Goal of the exercise =>
Transcribe each entry exactly; skip the images.

Data for this task =>
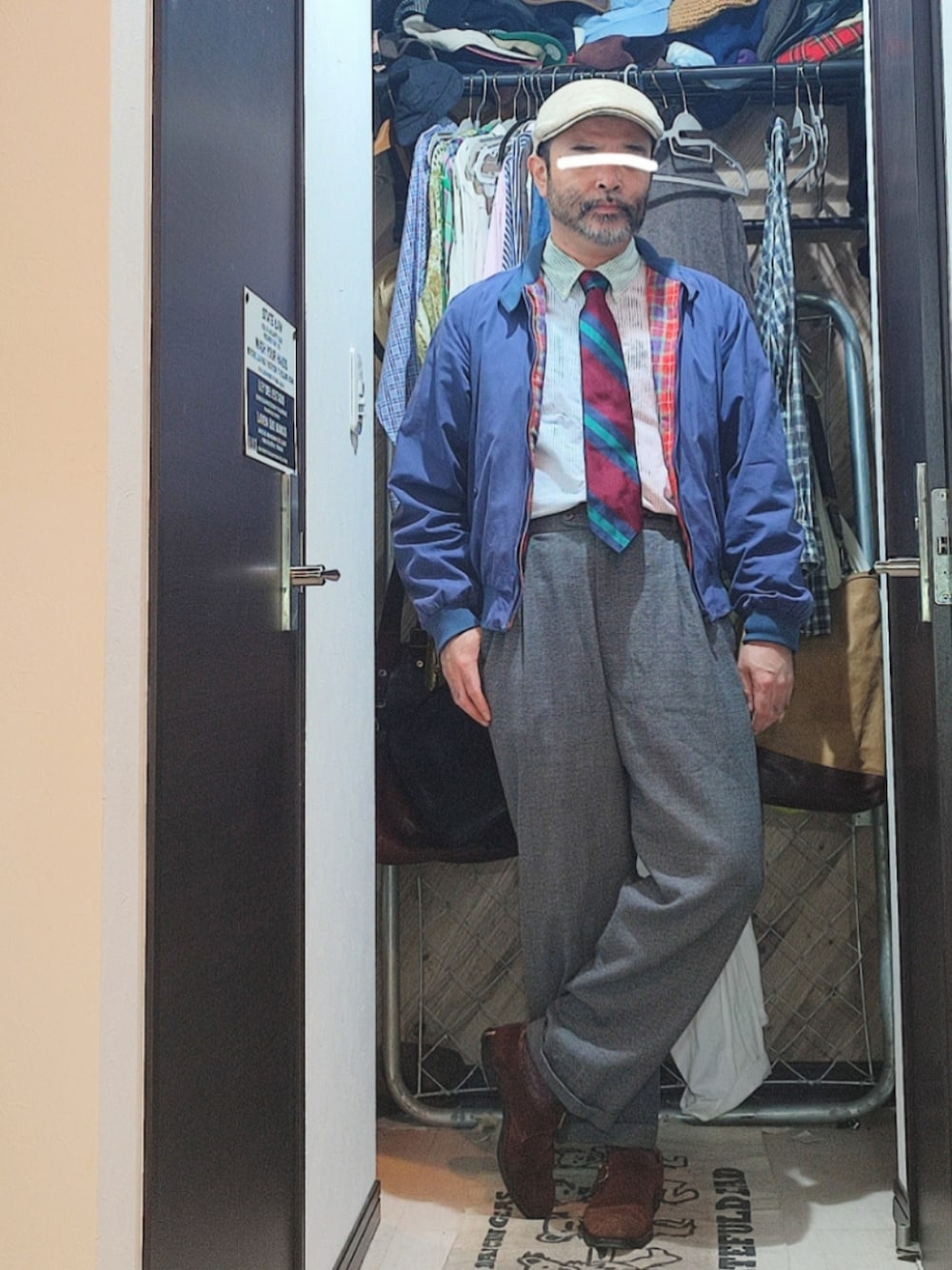 紺ブレ代わりのG9 裏地のチェックに合わせて、青赤緑でシャツとタイも合わせる。 靴はスウェードで秋らしさを演出。
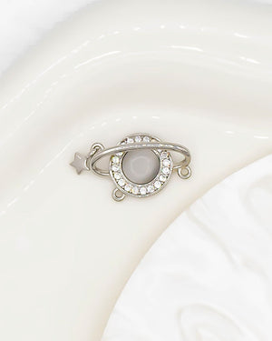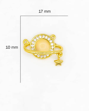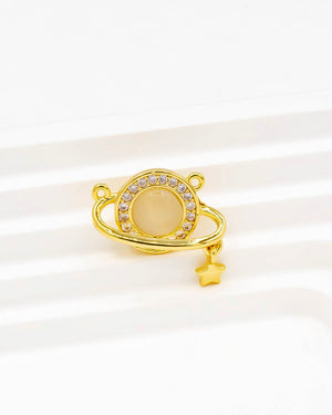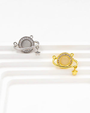 Dije de planeta con orbita, estrella y doble argolla, tiene baño de rodio e incluye 1 unidad
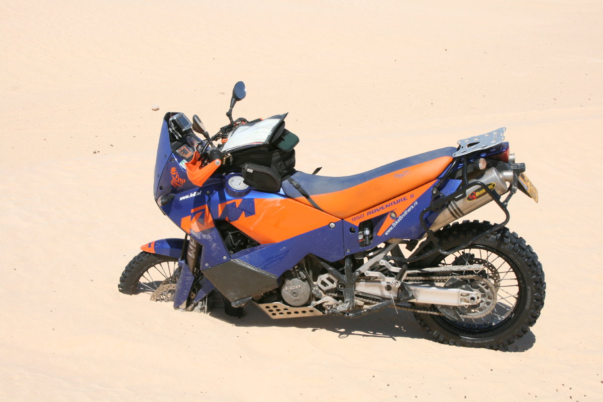 1 KTM maakt een vreselijk mechanisch geluid en ik besluit dat de motor in de duinen moet blijven staan.
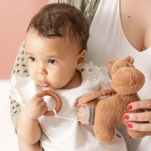 - kényelmes zsinórokkal felszerelve a kiságyhoz, babaüléshez vagy babakocsihoz való rögzítéshez
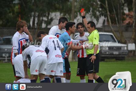 Al decretar el tiro libre, y el foul sobre el delantero de Argentino, el árbitro decretó la expulsión para Luciano Aqueveque.

Answer section =>
 紺ブレ代わりのG9 裏地のチェックに合わせて、青赤緑でシャツとタイも合わせる。 靴はスウェードで秋らしさを演出。
 Dije de planeta con orbita, estrella y doble argolla, tiene baño de rodio e incluye 1 unidad
 1 KTM maakt een vreselijk mechanisch geluid en ik besluit dat de motor in de duinen moet blijven staan.
 - kényelmes zsinórokkal felszerelve a kiságyhoz, babaüléshez vagy babakocsihoz való rögzítéshez
 Al decretar el tiro libre, y el foul sobre el delantero de Argentino, el árbitro decretó la expulsión para Luciano Aqueveque.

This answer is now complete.